WORK TO COMPLETE: Give again, unaltered, the lines of the listing below that run from the line having "跨境 木柄把手陶瓷杯 创意马克杯 咖啡杯 泡茶杯带盖勺伴手礼" through the line having "Furthermore, an ethereal".

SOURCE DATA:
Segment Open

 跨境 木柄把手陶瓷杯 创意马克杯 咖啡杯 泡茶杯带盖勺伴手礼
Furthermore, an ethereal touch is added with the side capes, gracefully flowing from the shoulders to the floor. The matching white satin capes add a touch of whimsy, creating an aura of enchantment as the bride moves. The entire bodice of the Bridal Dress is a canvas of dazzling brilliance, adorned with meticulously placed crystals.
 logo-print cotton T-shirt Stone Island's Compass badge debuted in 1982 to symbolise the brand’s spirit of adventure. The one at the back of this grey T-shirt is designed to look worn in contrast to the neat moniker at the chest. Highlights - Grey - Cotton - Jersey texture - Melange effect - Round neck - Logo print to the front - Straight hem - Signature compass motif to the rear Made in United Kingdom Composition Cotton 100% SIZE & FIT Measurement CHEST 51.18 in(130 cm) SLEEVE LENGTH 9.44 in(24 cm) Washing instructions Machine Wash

Segment Closed
Segment Open

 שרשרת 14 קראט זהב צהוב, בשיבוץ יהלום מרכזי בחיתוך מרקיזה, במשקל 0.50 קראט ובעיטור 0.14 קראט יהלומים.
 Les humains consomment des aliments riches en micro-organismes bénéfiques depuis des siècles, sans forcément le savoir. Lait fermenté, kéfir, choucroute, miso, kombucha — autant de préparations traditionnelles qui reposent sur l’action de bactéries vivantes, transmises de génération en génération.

Segment Closed
Segment Open

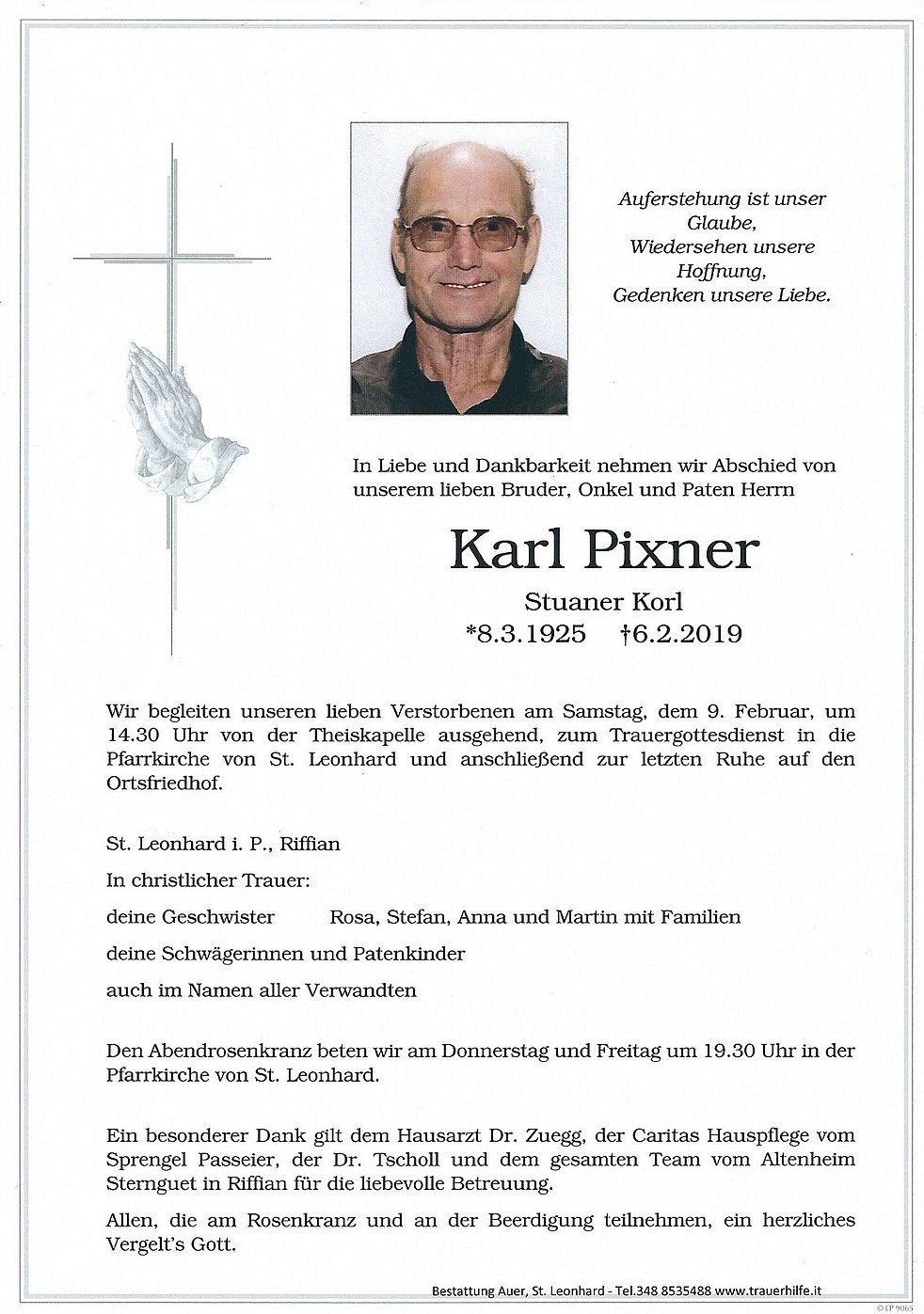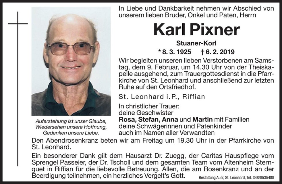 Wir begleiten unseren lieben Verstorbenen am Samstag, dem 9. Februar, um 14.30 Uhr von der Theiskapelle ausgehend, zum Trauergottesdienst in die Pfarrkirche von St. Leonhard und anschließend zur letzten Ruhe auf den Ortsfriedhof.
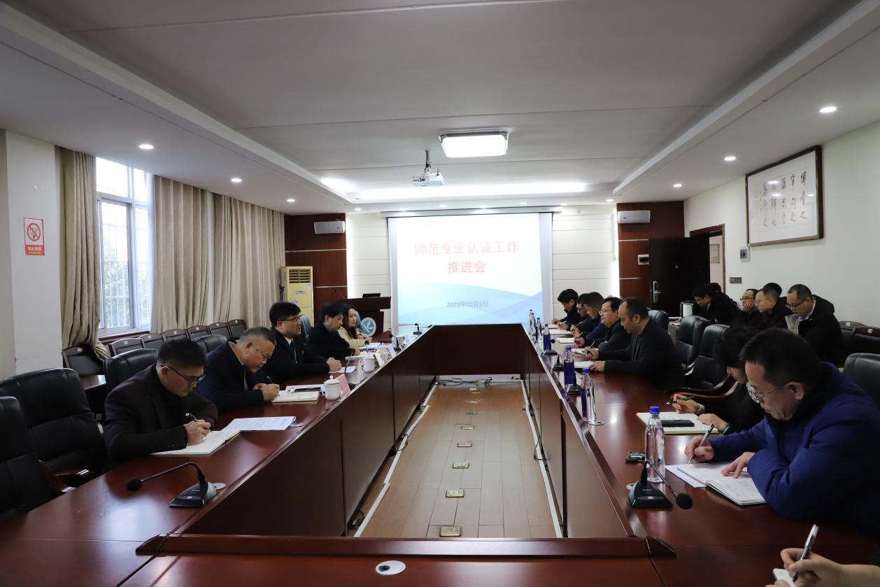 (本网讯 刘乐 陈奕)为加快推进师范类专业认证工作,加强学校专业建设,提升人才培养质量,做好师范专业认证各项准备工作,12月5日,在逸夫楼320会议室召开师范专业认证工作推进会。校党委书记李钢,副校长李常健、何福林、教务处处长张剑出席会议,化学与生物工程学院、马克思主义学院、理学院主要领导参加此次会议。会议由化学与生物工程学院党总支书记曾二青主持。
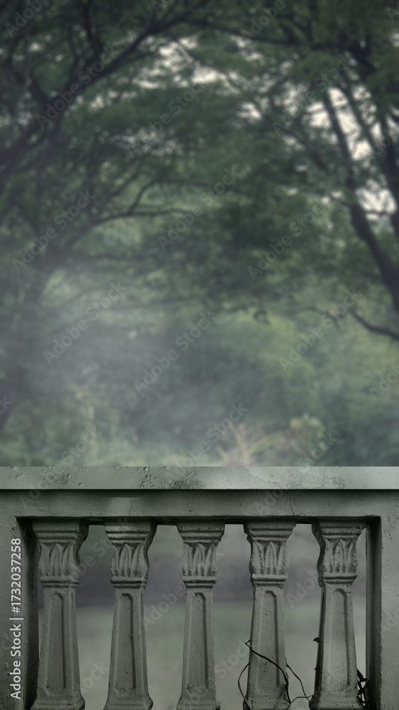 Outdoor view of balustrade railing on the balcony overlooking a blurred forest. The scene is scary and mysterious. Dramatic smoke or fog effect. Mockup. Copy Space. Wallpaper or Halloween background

Segment Closed

TASK ANSWER:
 跨境 木柄把手陶瓷杯 创意马克杯 咖啡杯 泡茶杯带盖勺伴手礼
Furthermore, an ethereal touch is added with the side capes, gracefully flowing from the shoulders to the floor. The matching white satin capes add a touch of whimsy, creating an aura of enchantment as the bride moves. The entire bodice of the Bridal Dress is a canvas of dazzling brilliance, adorned with meticulously placed crystals.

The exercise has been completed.